// ARS TECHNICA — HARDWARE & GADGET
The Czinger 21C might be the wildest car we drive all year
This hybrid V8 has organic-looking 3D-printed components and shatters lap records.
The temptation with a car like the Czinger 21C is to treat it as a collection of extreme specifications, and to be fair, it’s certainly not lacking in that department.
At its most basic level, the carbon-fiber-bodied 21C is a hybrid hypercar built around a bespoke 2.88-liter twin-turbocharged flat-plane crank V8 that revs to a searing 11,000 rpm. This power plant is matched up with a three-motor electric system—one electric motor drives each front wheel while a third serves as a crank-driven starter-generator. Combined output is rated at 1,250 hp (932 kW) and 691 lb-ft (937 Nm) of torque.
A seven-speed automated manual transaxle handles gear changes, chosen in part for its low mass and ability to tolerate high torque loads without the packaging penalties of a dual-clutch system. Tipping the scales at under 3,700 lbs (1,678 kg) with fluids, the 21C VMax is capable of hitting 60 mph (97 km/h) from rest in 1.92 seconds on its way to an 8.6 second quarter mile and a 253 mph (378 km/h) top speed, while the road course-focused 21C High Downforce model recently secured lap records at no less than five different California racetracks during a thousand-mile (1,600 km) road trip.
Both its performance and its $2,350,000 price tag put the Czinger 21C in league with the likes of the Koenigsegg Jesko and Aston Martin Valkyrie. But focusing on these figures overlooks what might be the 21C’s most interesting aspect—not what it can do, but how it does it.

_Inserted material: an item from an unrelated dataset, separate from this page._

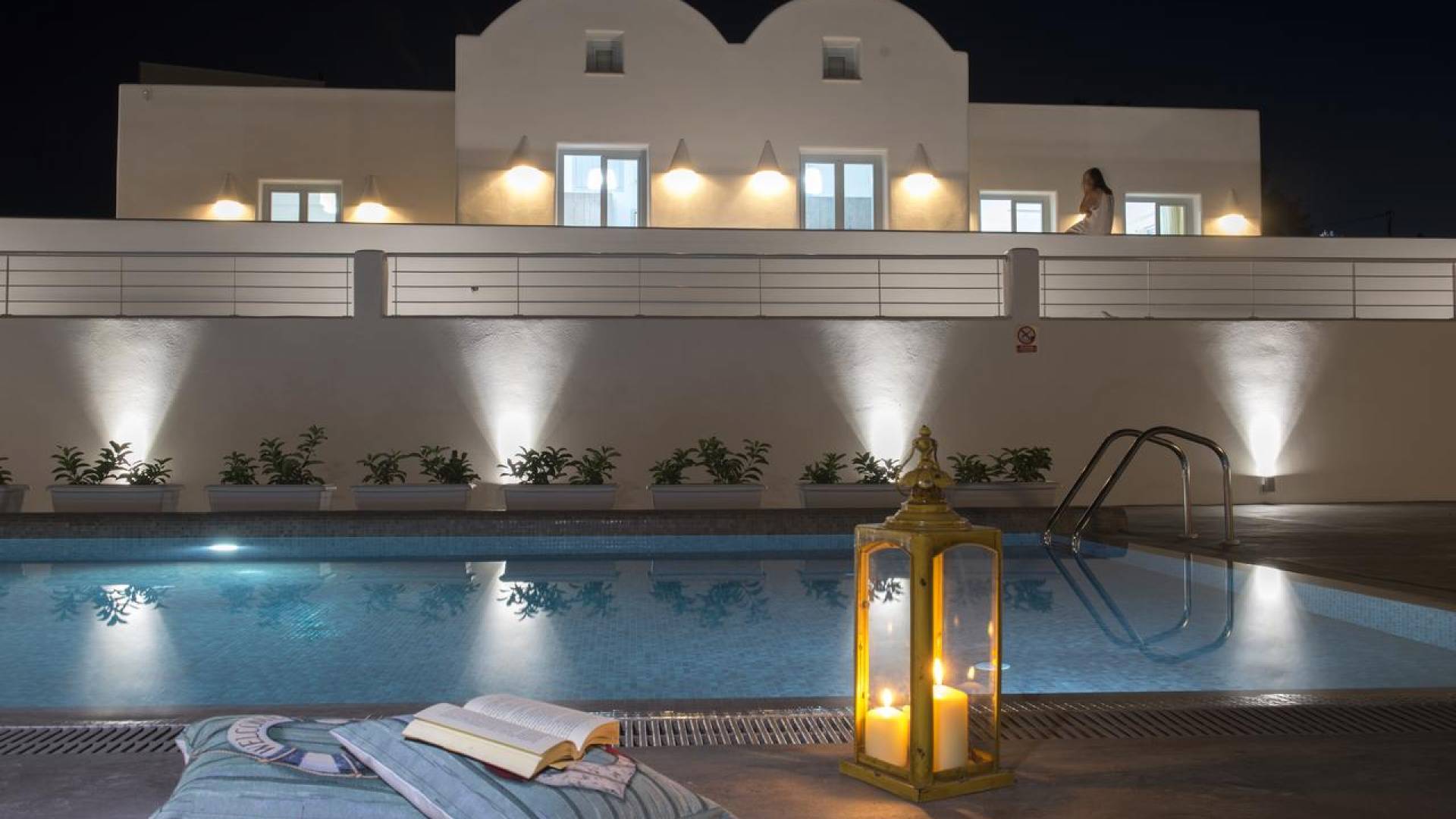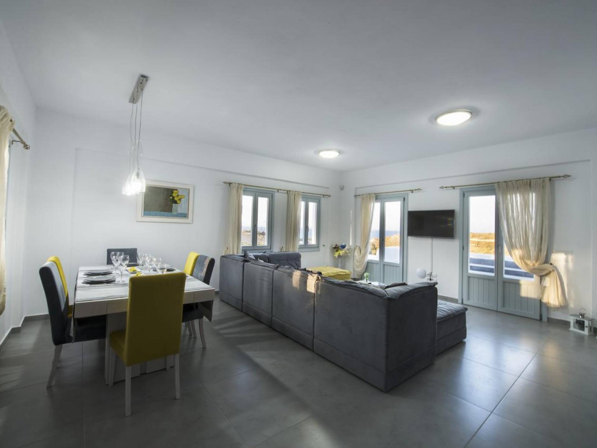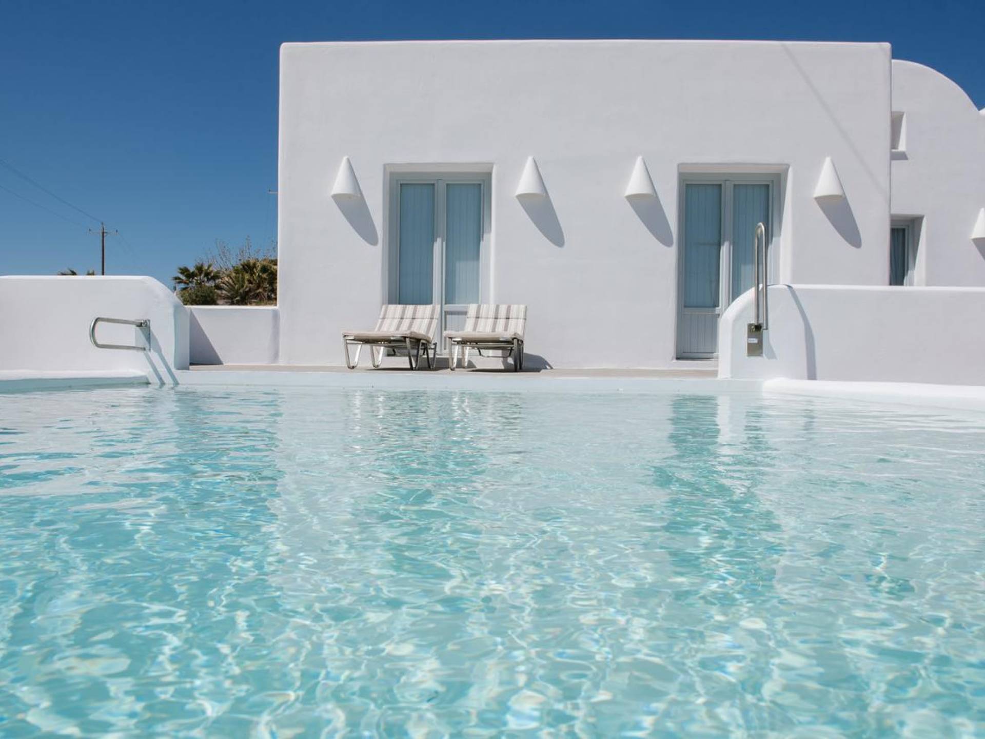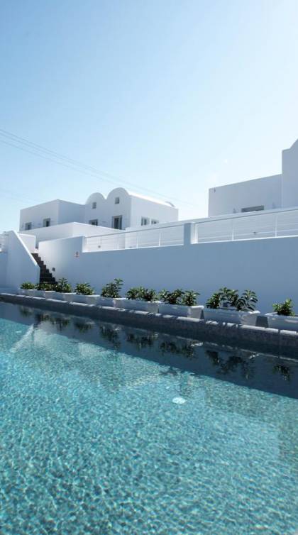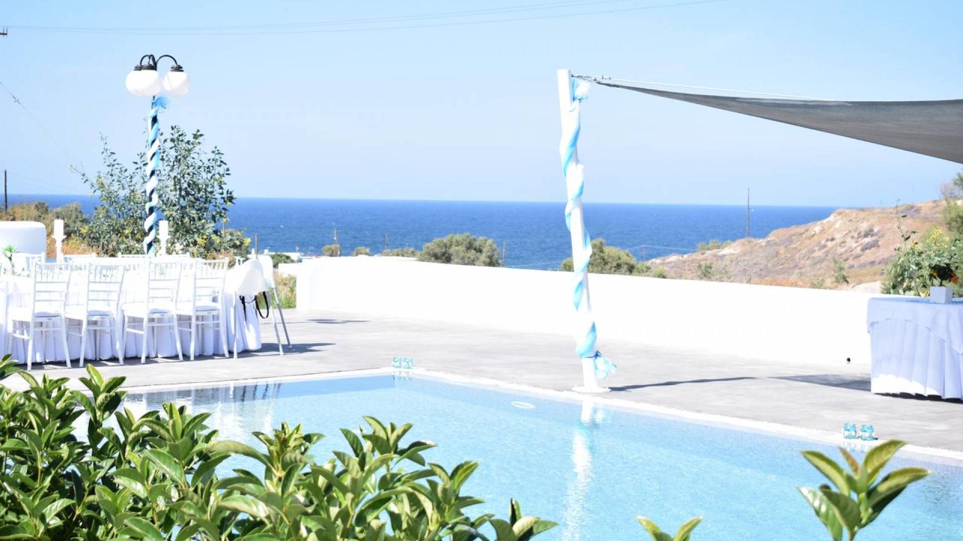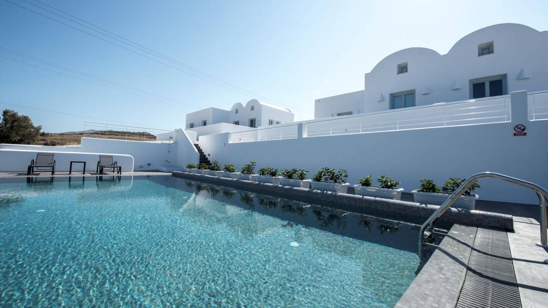 Sea and Sand Luxury Villa a Santorini, costruita nel 2015 con l'obiettivo principale di offrire ai visitatori il tempo di qualità che meritano per una vacanza perfetta. Si trova privatamente in un terreno di 4000 mq, nella tranquilla zona di Exo Gialos, Karterados, vicino alla spiaggia organizzata di Monolithos, sul lato orientale dell'isola con vista panoramica sul mare e ampio spazio esterno. La villa mescola elementi moderni e tradizionali, rispettando allo stesso tempo l'architettura locale. La grande piscina situata nell'area esterna offre liberamente agli ospiti assoluto relax sotto il sole, mentre è circondata da una veranda per prendere il sole con moderne sdraio, tavolini e doccia esterna.

Czinger Vehicles was founded in 2019 by the father-and-son team of Kevin and Lukas Czinger as an extension of parent company Divergent Technologies, a Los Angeles-based engineering firm that specializes in generative design software, large-scale metal additive manufacturing, and reconfigurable automated assembly systems. Divergent’s patented technologies have been leveraged by defense and aerospace organizations, including Lockheed Martin, Raytheon, and the US Department of Defense, as well as high-end automakers like Bugatti and McLaren.
To understand what makes this fledgling automaker’s hypercar different from virtually every other high-performance machine on the road, consider how conventional automotive engineering works. Traditionally, a vehicle begins as a set of performance targets and packaging constraints. Engineers then develop components that satisfy those requirements within the limitations of established manufacturing processes.
Those processes—casting, forging, stamping, and machining—impose constraints of their own, particularly around geometry. Complex shapes tend to be costly or impossible to produce using these methods, and mass reduction is typically achieved through iterative refinement rather than holistic optimization.
With the 21C, Divergent’s generative software and additive manufacturing capabilities are used to effectively reverse the order of operations. The process begins with software-driven optimization that defines the structure of a component based on parameters such as load requirements, stiffness targets, crash performance, and packaging constraints. The software iterates through millions of potential geometries, converging on solutions that distribute material only where it is structurally necessary.
The result is a design methodology often referred to as Pareto optimization, in which gains in one area inevitably come at the expense of another until a balanced solution is reached. In practice, this means components are developed to a point where any reduction in material would compromise structural integrity, and any addition would be unnecessary mass. The resulting geometries often resemble branching lattice structures or organic skeletal forms that are more reminiscent of biological growth patterns than machined metal parts. Once a design has been finalized, massive printers can then construct the component from powdered metals.